New Austrian Chancellor Says He Won't Be First in EU to Move Embassy to Jerusalem

Sebastian Kurz, who recently formed a coalition with the far-right Freedom Party, tells Israel Hayom that he follows the lead of the EU, not the United States, on Jerusalem

Austrian Chancellor Sebastian Kurz speaking in the Austrian parliament as the leader of the far-right Freedom Party, Heinz-Christian Strache looks on.
Austrian Chancellor Sebastian Kurz speaking in the Austrian parliament in Vienna as the leader of the far-right Freedom Party, Heinz-Christian Strache, looks on, Dec. 20, 2017.Credit: AFP/APA /Ronald Schlager/Austria OUT

Austria's new right-wing chancellor, Sebastian Kurz, told the Israel Hayom daily that his country will not be the first in the European Union to move its embassy from Tel Aviv to Jerusalem. The remarks follow the announcement earlier this month by U.S. President Donald Trump recognizing Jerusalem as Israel's capital, to be ultimately followed by the relocation of the American embassy to Jerusalem.

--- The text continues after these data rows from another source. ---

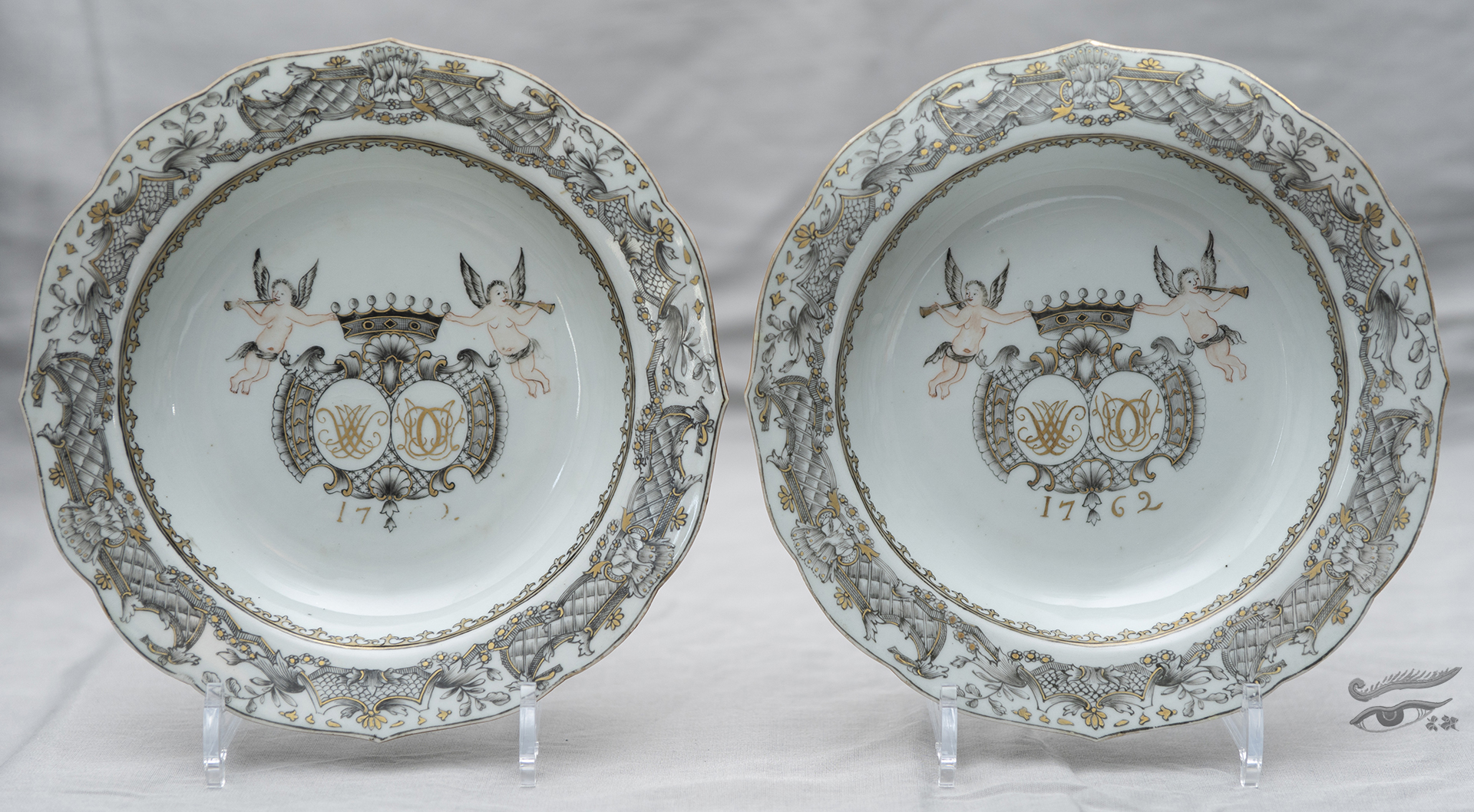 55. Pair of Chinese Armorial Porcelain plates 18th C 乾隆墨彩描金维也纳皇家纹章盘一对 September 7, 2022January 17, 2024 lhasa.hou@gmail.com In grisaille and gilt heightened, dated 1762, the well with the monograms of the couple and flanked by cherubs, the lobed rim decorated with a design inspired by the royal Vienna porcelain.
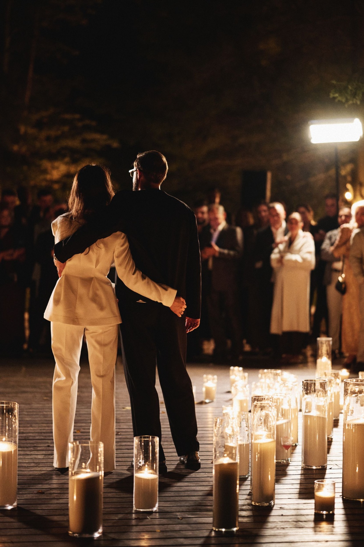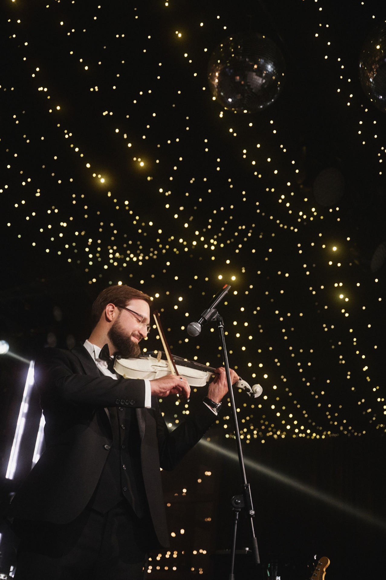 Сначала была очень трогательная церемония, где мы сказали друг другу тёплые слова. Потом мы отправились в зал — на нашу панорамную веранду. Там нас ждал ужин, выступление кавер-группы и подарок от гостей — выступление Эльбруса Джанмирзоева. А ещё Максим подготовил для меня сюрприз и впервые в жизни сыграл на скрипке под аккомпанемент брата на клавишах.
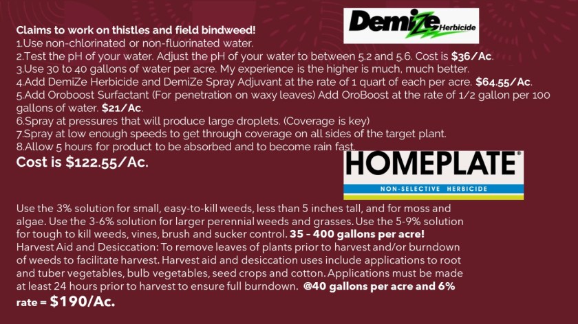 This slide illustrates the reason that organic “chemicals” are used sparingly. The cost per acre makes them expensive but they work great for spot treatments around the farm.
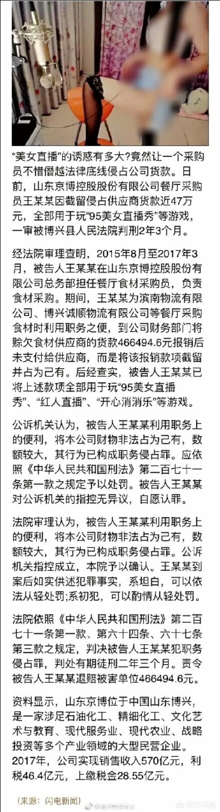怎么看待山东一企业餐厅采购员职务侵占货款47万,全花在“美女直播”游戏上这件事
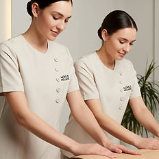 Because two therapists work at the same time, your body receives double the attention and double the sensory input. This overwhelms the usual tension‑holding patterns and helps your muscles relax more quickly. The balanced, mirrored movements also create a unique flow that feels seamless and deeply soothing. It’s a premium treatment designed for clients who want a truly elevated experience.
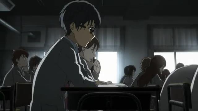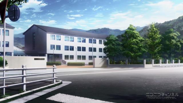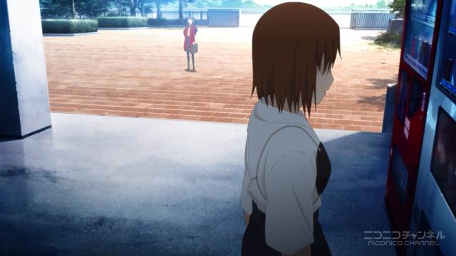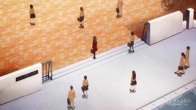 ここから、前述した通り、Aパートでのロングショットが活きてきます。上手いですね。この背景描写は。「ケとハレ」的な対比構造が逆転してるのも面白い。普段は、生徒がたくさん登校している風景が当たり前(=ケ)なのに、この#00では、ハレになってる。それは先に、ハレ(=珍しい)であるはずの「無人の学校」を見せてるから。面白い。
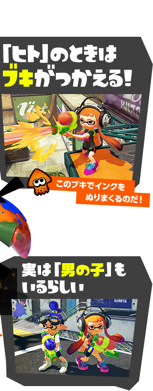 • 「ヒト」のときはブキがつかえる!このブキでインクをぬりまくるのだ!実は「男の子」もいるらしい
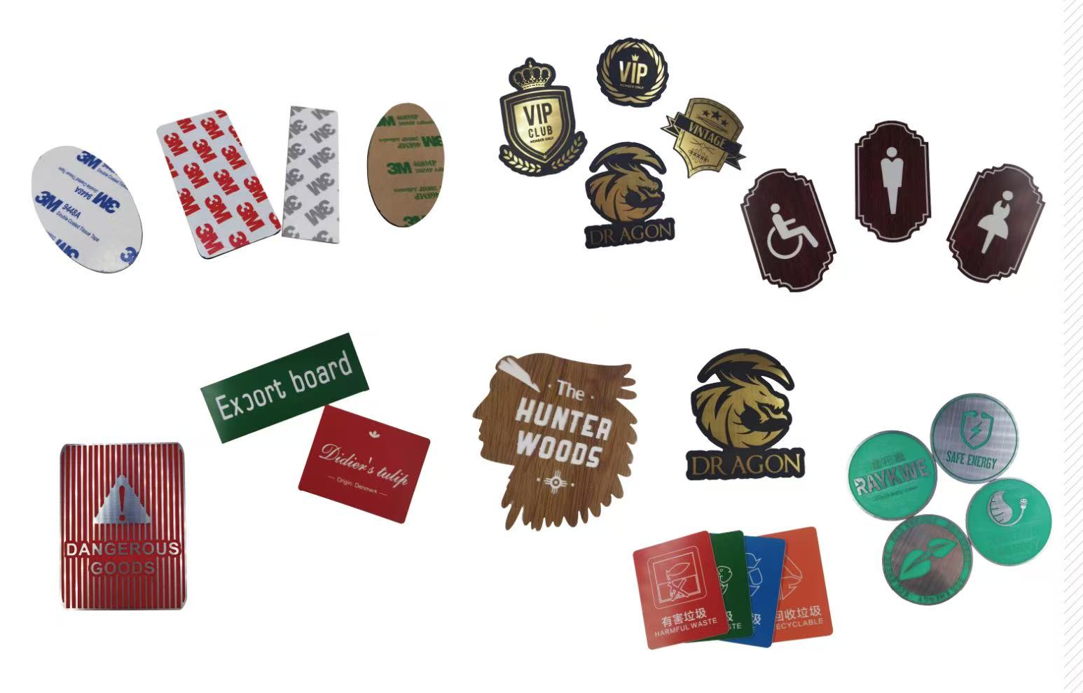 Sinalização, placas de identificação, rótulos industriais, artesanato personalizado, etiquetas de identificação, gravuras decorativas.
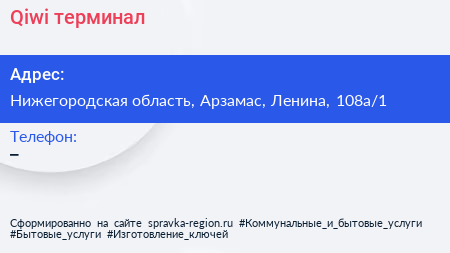 Qiwi, терминал по адресу Нижегородская область, Арзамас, Ленина, 108а/1 в дальнейшем Организация, размещена в следующих категориях:

Last week Austria voted in support of the UN General Assembly resolution that rejected the American stance on Jerusalem. In his interview with Israel Hayom, Kurz said his country is committed to the EU policy that the future status of Jerusalem must be decided through direct negotiations between Israel and the Palestinians. He acknowledged that there was no united front among EU countries on the issue, but said no EU country has opted to follow America's lead at this point.

The new Austrian government took office this month following two months of negotiations between Kurz, who heads the center-right People’s Party, and Heinz-Christian Strache, whose Freedom Party has Nazi and anti-Semitic roots. The Freedom Party claims to have broken with its past, but Prime Minister Benjamin Netanyahu, who also holds the Foreign Ministry portfolio, announced that Israel will boycott Austria's far-right ministers, instructing his ministers to work only with lower-ranking officials.

The Freedom Party has been given control of Austria's Foreign, Interior and Defense ministries, although Foreign Minister Karin Kneissl is not officially a member of the party. In his interview with Israel Hayom , Kurz expressed understanding at the Israeli position regarding contacts with the Freedom Party but said it was his responsibility to dispel concerns in that regard. He said he holds Netanyahu in high regard and has a friendly relationship with him, and will seek to cultivate good relations with Israel and the Jewish community.

Kurz said that his government is the first in Austria to clearly recognize the Jewish character of Israel, and seeks to be Israel's partner and ally. His government has also made it a goal to ease the process for descendants of the victims of the Nazis to acquire Austrian citizenship, he said.

Outlining his government's goals at the Austrian parliament earlier this month, Kurz said: "Anti-Semitism has no place in Austria or Europe. We will fight all forms of anti-Semitism with full determination, both those that still exist and those that have been newly imported."